I have a plan that will solve both of the pressing  domestic problems of our nation. 

The price of oil is shooting through the roof.  Here in Middle Tennessee regular gas is creeping towards the $3 per gallon mark.  Peak Oil is here, according to the usual gang of doomsayers. 

The other gang of usual doomsayers claim that the rampant invasion of illegal aliens from South of the Border  are coming in to the country and "tookourjobs".
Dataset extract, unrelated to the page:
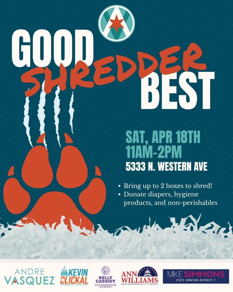 On Saturday, April 18th, we’re hosting a Bears-themed shred event at 5333 N. Western Avenue from 11:30am-2:00pm (or until trucks are full)!

Here’s the plan:  We buy a shitload of rickshaws and make the illegals pull them.  Instead of going to the expense, trouble and cost to round up all the illegals, we tell them they will be deported unless they get in the rickshaw pullin’ bidness.  Pay them a buck or two above minimum wage, so it’s not, you know, slavery.  That will get cars off the road, provide full employment as well as new entrepreneurial opportunities for the small business man.  With all the illegals pulling rickshaws, there won’t be any more of this sniveling about the illegals doing "jobs Americans won’t do".  Because, if anything fits that definition, it’s rickshaw pulling.

With fewer cars on the road, demand for fuel will drop.  As demand drops, so will price.  There you go.  Full employment and cheap gas.  You’re welcome. 

kramrickshaw.jpg Newman: It’s the romance of the hansom cab without the guilt or dander of the equine.





On a related topic, for my employees who may be reading this:

If you decide to take Monday "off" for this bullshit protest deal, you are so fucking fired.  I will hire some Rent-A-Drunks to replace you all.   I value you all as important to our company’s future success and feel that you are all family, but if you aren’t at work when I get back from out of town on Monday, you can all go pull  a rickshaw.

Bienvenidos Estados Unidos.  Chupa mi pito.


6 Responses to “The Floggings Will Continue Until Morale Improves”

  1. W Says:

    Holy shit man. You’re a genius.

  2. elizabeth Says:

    wildly enough, I had this same thought the other night. Perhaps you are with the government and are spying on me?

  3. Nashville Knucklehead Says:

    I knew a guy who used to pull a rickshaw in Toronto. He said he was in the best shape of his life. Said he got laid alot.Of course, he got laid by chicks who would screw a rickshaw puller.

  4. Paul Herrmann Says:

    This is funny as hell……Have you ever thought about running for President or Congress?I would fire them too…Great Post and from Todd-a’s blogsite to yours, I am going to link this to our blogsite.

  5. saraclark Says:

    I have a t-shirt with a skull and cross bones with the saying "the beatings will continue until morale improves." I love it, it always gets comments in public and I wore on my last day at work.I wouldn’t mind meeting a rickshaw driver…

  6. newscoma Says:

    Is there anyway in this capitalist society that anyone of us could start are own rickshaw business?I mean, when I was about nine, I bought a pet rock, so there has to be an avenue of investment and financial gain for this alternative fuel source.Yellow Rickshaw Inc., something like that?